The Daily Yomiuri ("GENDEN PLANS NEW REACTORS," 02/10/2000) reported that the Japan Atomic Power Company (Genden), which operates the Tsuruga nuclear power plant in Fukui Prefecture, has decided to request that the prefecture and municipal governments in late February approve the construction of two additional reactors. The report said that Genden decided to submit its request this month because it believes it will be able to proceed with construction now that operations at the station's Number 2 reactor, which were halted after a coolant leakage accident in July, will soon resume. The report said that although getting the approval for the construction will take about one and a half years, Genden's request is the first step toward constructing nuclear power plants since the criticality accident at Tokaimura on September 30, 1999. The report added that Genden plans to begin the construction of the two reactors northwest of reactors Number 1 and Number 2 in 2003 and that Genden expects to begin operating Number 3 in 2008 and Number 4 in 2009.

next itemprev. itemcontentscontacts

4. Japanese Anti-Hacker Measure

The Daily Yomiuri (Ryuichi Otsuka, "PLOTTING EFFECTIVE STRATEGY IN FIGHT AGAINST HACKERS," Washington, 02/10/2000) reported that little progress is being made in Japan's probe into a series of computer hacks against a number of Japan's ministry and agency website home pages. The report said that this is because the hackers' methods are becoming increasingly sophisticated. These methods include intruding into systems via other countries and using other people's identification codes. The report said that unlike the US, where many suspects of serious hacking crimes have been arrested, the Japanese government lacked a sense of urgency in dealing with the recent string of illegal hacks. The report said that there were only a few cases in which investigators have been able to identify the perpetrators solely by conducting high-tech investigations of electronic evidence.

next itemprev. itemcontentscontacts

5. Japanese Maritime Defense

The Nikkei Shimbun ("JAPANESE MARITIME SELF-DEFENSE FORCE TO BUILD PATROL HELICOPTER UNIT AGAINST FOREIGN INCURSION," 02/06/2000) reported that the Japanese Maritime Self-Defense Force (JMSDF) will build a patrol helicopter unit in Maizuru, Kyoto by March 2001 as a measure against foreign incursions into Japanese territorial waters. According to the report, the new heli-unit will have six SH69Js, anti-submarine helicopters. The report said that in addition to this new patrol heli- unit, JMSDF plans to have machinegun-carrying destroyers this year.

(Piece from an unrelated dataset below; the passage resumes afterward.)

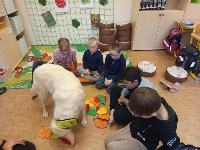 Canisterapie – terapeutické působení speciálně vycvičeného psa pod vedením zkušeného terapeuta – není pro naše děti „jen zábavou“, ale konkrétním a velmi přínosným prostředkem rozvoje. Pes dokáže navázat kontakt i s dítětem, které běžně nereaguje na své okolí. Pomáhá snižovat úzkosti, zlepšuje soustředění, motivuje ke komunikaci a podporuje jemnou i hrubou motoriku. V kontaktu se psem děti zažívají radost, pocit bezpečí i úspěchu – to, co jim v běžném životě často chybí.  Při pravidelných návštěvách canisterapeutického týmu sledujeme výrazné pokroky – děti se více otevírají, reagují na podněty, zlepšuje se jejich nálada i spolupráce při výuce a rehabilitaci. Pro některé z nich je kontakt se psem jediným způsobem, jak navázat blízký vztah a zažít přijetí beze slov a bez posuzování.

prev. itemcontentscontacts

6. Conference on Nuclear Nonproliferation

The Daily Yomiuri ("EXPERT PANEL TO DISCUSS NUCLEAR NONPROLIFERATION," 02/11/2000) reported that experts from countries including the US, Russia, the PRC and Japan will discuss the issue of nonproliferation and the possibility an arms race renewal at a symposium on February 24 at the New Takanawa Prince Hotel in Tokyo. The symposium will be titled "The Nuclear Non-Proliferation Regime--In the Face of a Possible Renewed Nuclear Arms Race" and is sponsored by the Japan Institute of International Affair's (JIIA) Center of the Promotion of Disarmament and Non-Proliferation with the support of the Foreign Ministry and The Yomiuri Shimbun. The report said the symposium is taking place because the Non-Proliferation Treaty Review Conference approaches in April and the future of the nonproliferation of nuclear weapons is uncertain given that India's and Pakistan's nuclear tests in May 1998 and the US Senate's failure to ratify the Comprehensive Test Ban Treaty in October. According to the report, Michael Krepon, president of the US-based Henry L. Stimson Center, will give the keynote speech about the strategic balance among the US, the PRC and Russia. In the afternoon, JIIA President Hisashi Owada will moderate a panel discussion that covers issues related to the Non-Proliferation Treaty. Additional information is available from the JIIA's Center of the Promotion of Disarmament and Non-Proliferation at 81-3-3503-7558.

The NAPSNet Daily Report aims to serve as a forum for dialogue and exchange among peace and security specialists. Conventions for readers and a list of acronyms and abbreviations are available to all recipients. For descriptions of the world wide web sites used to gather information for this report, or for more information on web sites with related information, see the collection of other NAPSNet resources.
We invite you to reply to today's report, and we welcome commentary or papers for distribution to the network.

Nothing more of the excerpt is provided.